Quickstart#

Get from zero to a running training job in under 10 minutes. This page covers the full loop — install, configure, submit, monitor, visualise, get help. Every command is copy-pasteable.


1. Set up your environment#

Note

NCAR users on Casper — pre-built environment, no conda create needed:

conda activate /glade/campaign/cisl/aiml/credit/conda_envs/credit-casper

git clone https://github.com/NCAR/miles-credit.git
cd miles-credit
# Installs credit into the .local directory in your home directory.
pip install --user -e .

Note

NCAR users on Derecho:

conda activate /glade/campaign/cisl/aiml/credit/conda_envs/credit-derecho

git clone https://github.com/NCAR/miles-credit.git
cd miles-credit
pip install --user -e .

Note

Other systems:

conda create -n credit python=3.12
conda activate credit
pip install miles-credit

Or install the main development branch:

git clone https://github.com/NCAR/miles-credit.git
cd miles-credit
pip install -e .

Verify the install worked:

credit --help

2. Generate a config#

CREDIT ships with ready-to-use configs for ERA5. Pick your resolution:

# 1-degree ERA5 — good starting point, fast to train
credit init --grid 1deg -o my_run.yml

# 0.25-degree ERA5 — full resolution, needs more memory and time
credit init --grid 0.25deg -o my_run.yml

Note

NCAR users: data paths in these configs already point to /glade/campaign/cisl/aiml/ksha/CREDIT_data/ — readable by all NCAR staff. save_loc defaults to /glade/derecho/scratch/$USER/CREDIT_runs/... No edits required to get started.

Open my_run.yml and find the # USER SETTINGS block. The only things you may want to change before your first run:

Field

Default

Notes

trainer.num_epoch

5

Epochs per PBS job. Increase if walltime allows.

trainer.train_batch_size

8

Per-GPU. Reduce if you hit OOM.

save_loc

scratch dir

Where checkpoints and logs are written.


3. Submit a training job#

Submit#

credit submit automatically figures out how many jobs to chain from trainer.epochs / trainer.num_epoch in your config — you don’t need to calculate it yourself.

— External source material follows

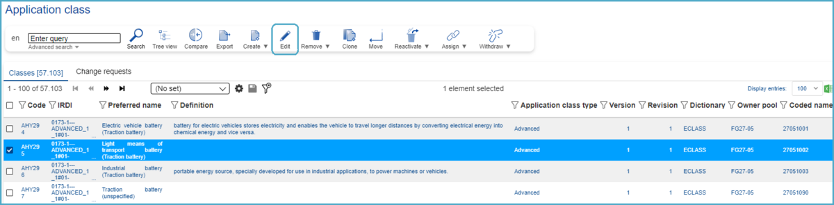 Select an Application Class in the list by clicking it in order to create a CR for changing the textual information (button “Edit”).
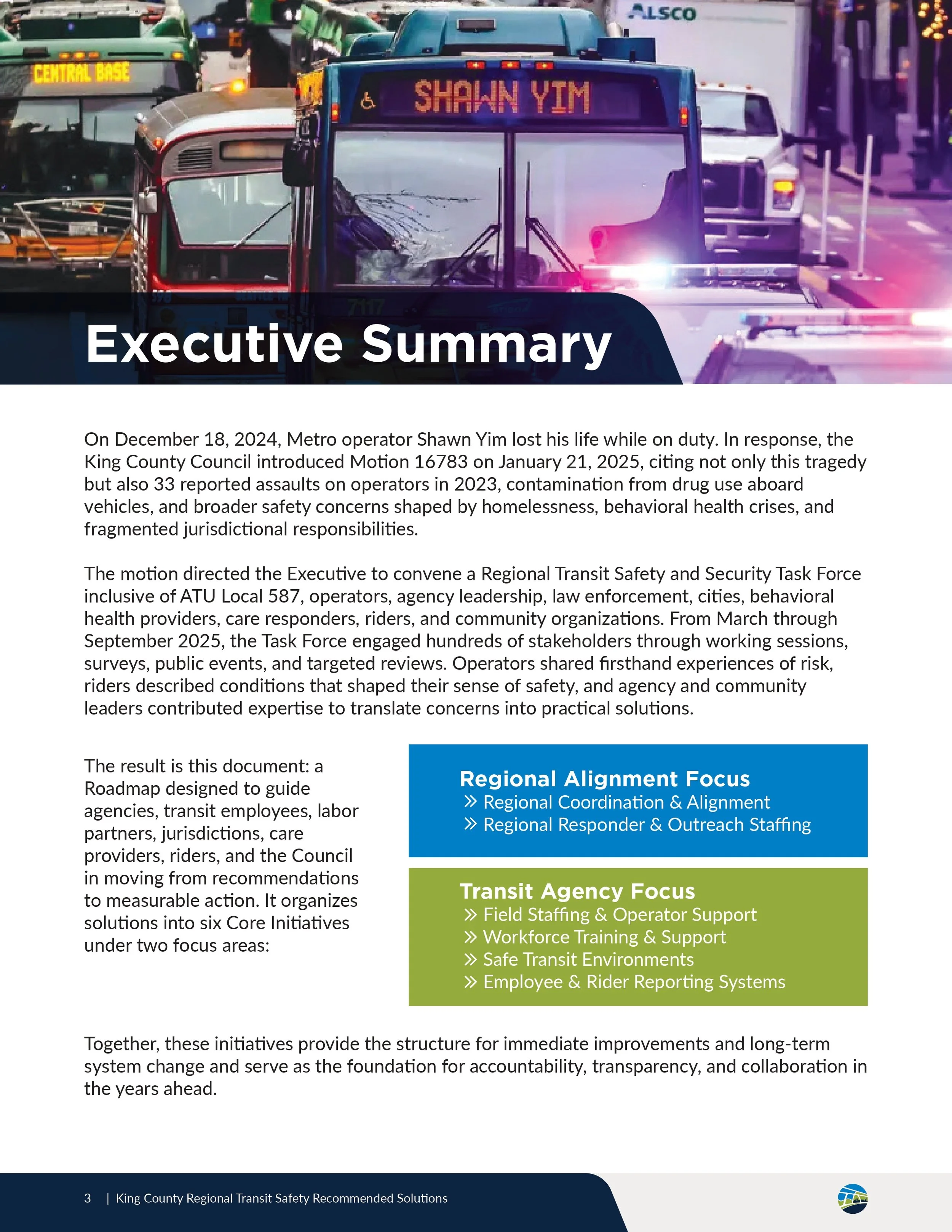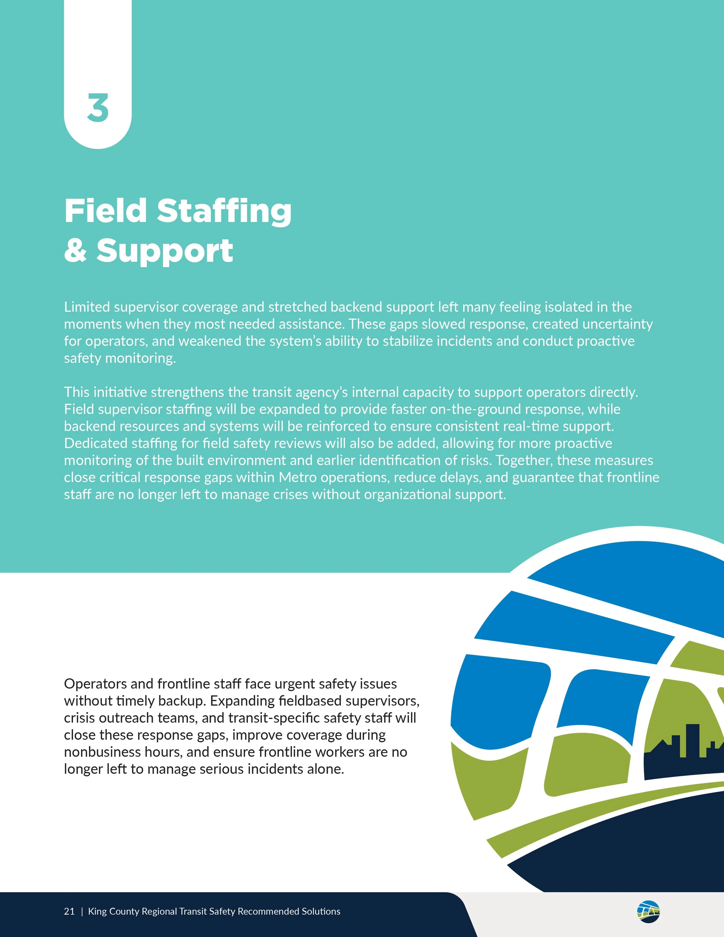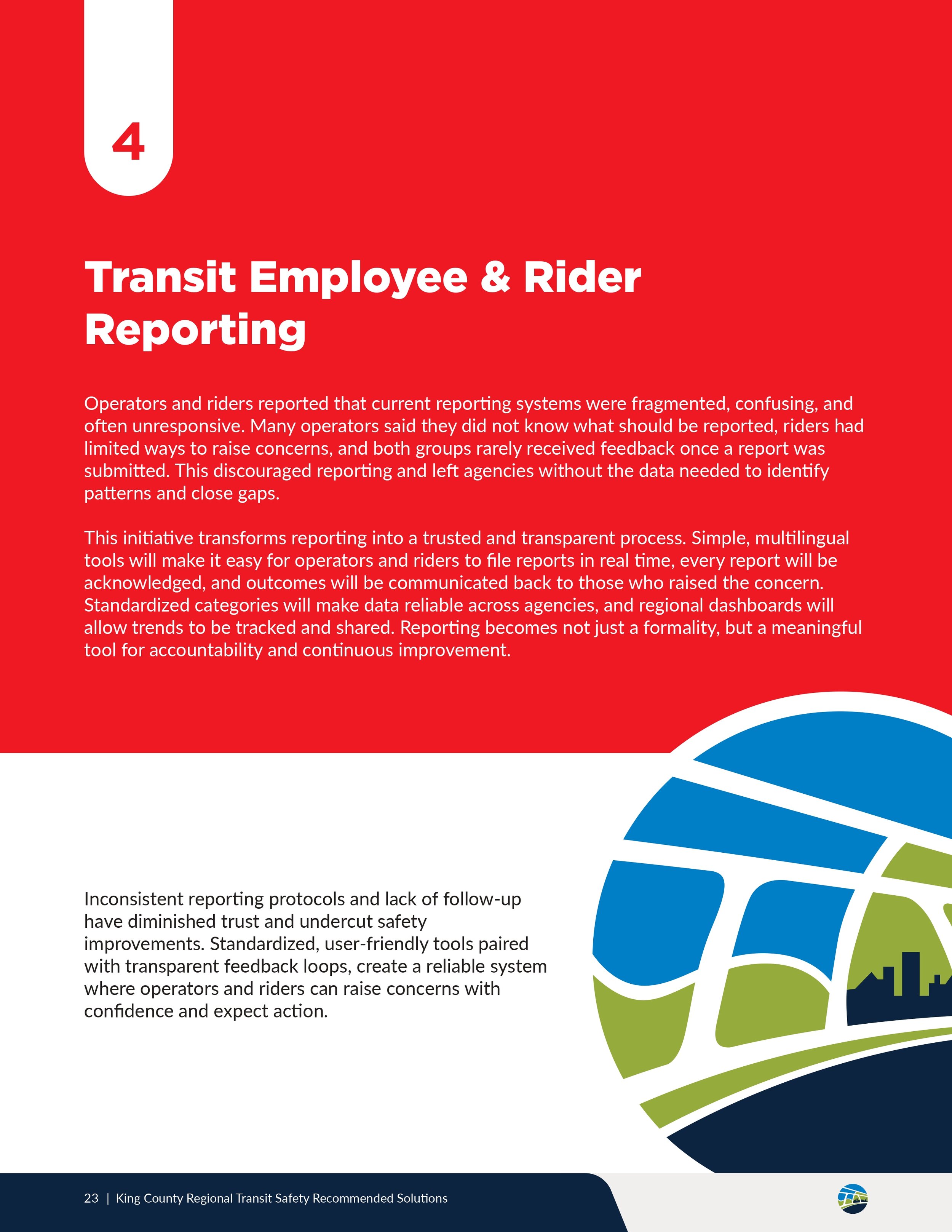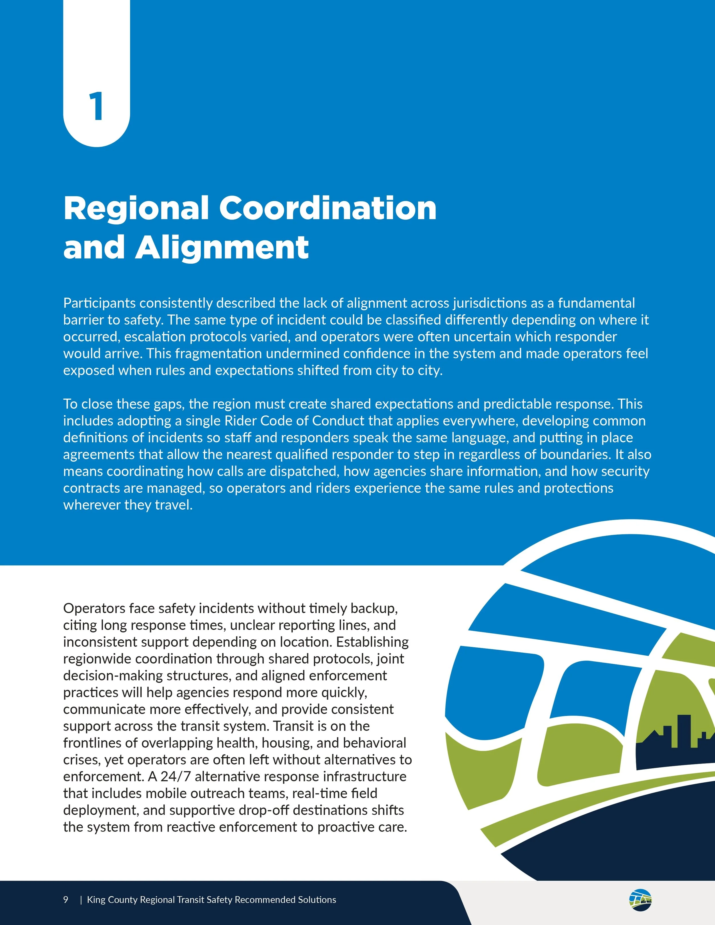 The Recommended Solutions publication documents more than 150 regionally generated recommendations developed in response to identified transit safety gaps.

# Casper — chain computed automatically from config
credit submit --cluster casper  -c my_run.yml --gpus 4

# Derecho — 1 node × 4 GPUs
credit submit --cluster derecho -c my_run.yml --gpus 4 --nodes 1

# Derecho — multi-node (e.g. 4 nodes × 4 GPUs = 16 GPUs total)
credit submit --cluster derecho -c my_run.yml --gpus 4 --nodes 4

Before submitting, credit submit always prints a job plan:

====================================================
  Job plan
====================================================
  Cluster  : casper
  Config   : my_run.yml
  GPUs     : 4 GPU(s)
  Walltime : 12:00:00 per job
  Chain    : 14 jobs  (70 epochs ÷ 5 per job)
  DataLoader memory est. : ~8 GB
====================================================

If the memory estimate is high (> 24 GB) it will warn you to reduce thread_workers or prefetch_factor before the job hangs silently.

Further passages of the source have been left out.